Она остановилась, приблизила лицо, и он не отвел взгляда, кивнул, потому что сейчас ему казалось, что он действительно вспоминал о ней, хотя на самом деле ни разу даже не подумал.

– Врешь, – вдруг сказала она, увернувшись от поцелуя, но руку не отпустила, решительно повела за собой на улицу, мимо Катькиного дома, к каменному мостику, за которым жила. И здесь, уже в полной темноте, остановившись у калитки, сама обхватила его за шею и поцеловала долгим до головокружения поцелуем и ускользнула, прошелестев: «До свидания», оставив Сашку в растерянном и радостном возбуждении…

Он чувствовал себя окрыленным, сильным, уверенным, ему даже захотелось заглянуть к угрюмым братьям Григорьевым, в маленьком оконце которых тускло светилась керосиновая лампа, – теперь он их совсем не боялся.

Он не мог не зайти к Вовке Короткому.

Тот согласился прогуляться, сообщив, что наработался за день, но все-таки они прошлись по берегу. Он без особого интереса выслушал Сашку и веско резюмировал все услышанное:

– Они сейчас зреть начинают, бабами становиться… А мы – мужиками…Ты что, еще не мучаешься по утрам?

Ощущая, что краснеет, Сашка промямлил:

– Когда писать хочется…

– А у меня с одной девахой чуть не получилось, – оживился Вовка. – Я по Волге на барже ходил, с дядькой. А его помощник дочку с собой брал, она в шестой перешла. Мы с ней так нацеловались, что не хочу… И раздевались до трусов. Нам батька ее помешал…

– А она что, сама раздевалась? – удивился Сашка.

– А то… Я ей понравился.

– Я Беликовой тоже нравлюсь, – прошептал Сашка. – Только ты никому не болтай.

– Могила, – отозвался Вовка. – Гуляйте, мне что, жалко? Мне больше Катька нравится…

…С Беликовой они теперь гуляли каждый вечер, но не допоздна.

Надина мать была строгой (да и Сашкина тоже не стеснялась по вечерам кричать его на всю округу). Они просиживали на скамеечках или, спрятавшись в зарослях сирени, целовались подолгу и до боли.

Вовка догадливо вздыхал, провожая взглядом принаряженного друга, и неохотно шел помогать отцу. Малышня уже приметила их и не давала проходу, обзывая женихом и невестой, и Надя каждый раз выбирала новый маршрут, но и на самых тихих улочках всегда находились любопытные глаза, и скоро вся правая сторона знала о том, что малой Жовнер и дочка художника из Смоленска дружат всерьез.
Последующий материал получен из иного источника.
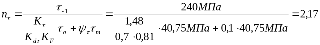Определим коэффициенты запаса усталостной прочности по нормальным и касательным напряжением, используя соответствующие формулы.

Приехала Катька. Надя зашла за ней, и они вместе пришли к реке, где ждал Сашка. Катя тоже изменилась. Она стала еще выше и теперь почти догнала Вовку Короткого, грудь у нее была больше, чем у Нади, бедра – шире, и когда они стояли рядом, Катя выглядела старшей сестрой. Коричневые глаза словно смеялись, разглядывая все вокруг, их нельзя было не заметить, как и роскошную русую косу до пояса, и Петька Дадон, пробегающий мимо них к парому, не удержался:

– Ну, Катюха, ты совсем заневестилась… Погодь меня, в армию вот схожу… По-соседски и сойдемся…

– А я в жданки не играю, – весело ответила та. – И здесь оставаться не хочу…
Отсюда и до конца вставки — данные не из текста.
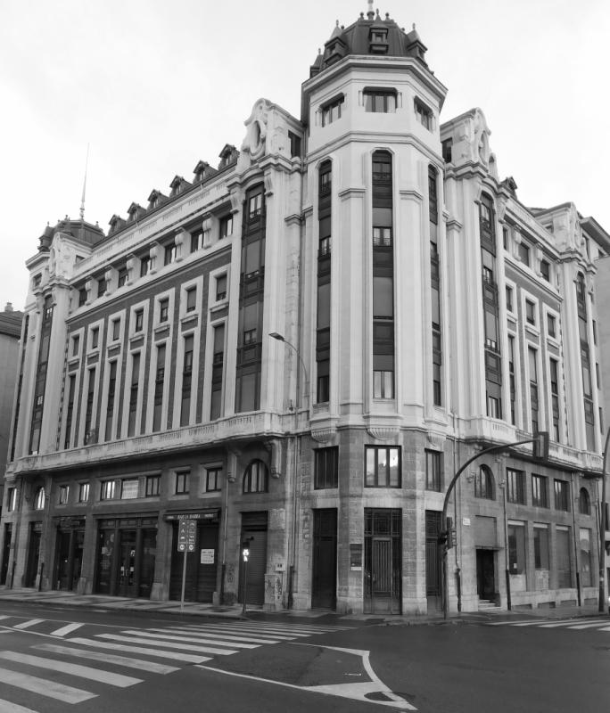Se inauguró en 1929 con un hotel, llamado “del Norte” ocupando una pequeña parte del edificio y que dejó su impronta en el portal de entrada, situada en la esquina que mira al puente, pues se conservan los vanos que daban acceso a la oficina y sala-escritorio del mismo. Finalmente todo el inmueble se destinó a vivienda de alto standing en renta.

– Ну да, принца ждешь, – прокричал тот, сбегая по тропинке. – А принцы только в сказках, глупенькая…

– Это для тебя…

С Сашкой Катька поздоровалась кивком головы, продолжая слушать восторженный рассказ подруги, и когда та замолчала, ожидая такого же монолога о происшедшем за время, пока не виделись, сказала, что отдыхала на дачах под Москвой, была великолепная компания москвичей, все перезнакомились, подружились, обменялись адресами.

– Понравился кто-нибудь? – не сдержала любопытства Надя, совсем забыв о стоящем возле них Сашке.
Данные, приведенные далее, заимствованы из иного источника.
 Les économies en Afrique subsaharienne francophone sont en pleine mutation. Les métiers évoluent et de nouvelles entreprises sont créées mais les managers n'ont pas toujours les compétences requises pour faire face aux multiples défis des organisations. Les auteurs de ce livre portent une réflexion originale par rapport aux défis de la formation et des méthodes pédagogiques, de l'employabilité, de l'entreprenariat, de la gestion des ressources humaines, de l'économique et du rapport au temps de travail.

– Понравился, – вскинула черные густые брови Катя.– Будущий офицер…

– Такой взрослый? – удивилась та. – Целовались?

– А ты все хочешь знать?

Катя фыркнула, побежала по тропинке вниз к воде.

Надя заторопилась следом, а Сашка остался, присел на скамейку, мысленно сравнивая тонкую и угловатую Надю и притягательновысокомерную Катю…

Теперь по вечерам они стали ходить втроем. Подруги без умолку щебетали, а Сашка дулся и злился. Надя уже не казалась ему такой необычной, а Катю все больше хотелось поцеловать, но одновременно он стеснялся идти с ней рядом из-за роста. Как правило, он держался на некотором отдалении от них, в разговор вступал неохотно. Порой перехватывал заинтересованные взгляды Кати и по ним догадывался, что об их отношениях с Надей она все знает. И, скорее всего, знает и о пионервожатой Лике, и об Ольге… От этих взглядов ему становилось необъяснимо радостно, и он думал, что обязательно подрастет, нагонит Катю, и тогда ни неведомый курсант, ни Колька Жбанов (никуда летом не ездивший, подрабатывавший в сплавной конторе матросом, загоревший до черноты и накачавший мускулы так, что теперь на него заглядывались даже старшеклассницы) не смогут ее никуда увезти. А он будет носить ее на руках…

Потом прогулки кончились, наступил сентябрь, состоялась первая школьная линейка, на которой все с трудом узнавали друг друга и удивлялись, какими они стали, а Колька Жбан предложил отметить это событие у него, и они в первую учебную субботу почти всем седьмым «б» пошли к Жбану в гости, пили вишневую настойку, приготовленную его матерью-медсестрой такую крепкую, что пацаны разбрелись потом по пляжу, оставив девчонок одних, и только поздним вечером, когда по городу забегали родители, стали приходить в себя.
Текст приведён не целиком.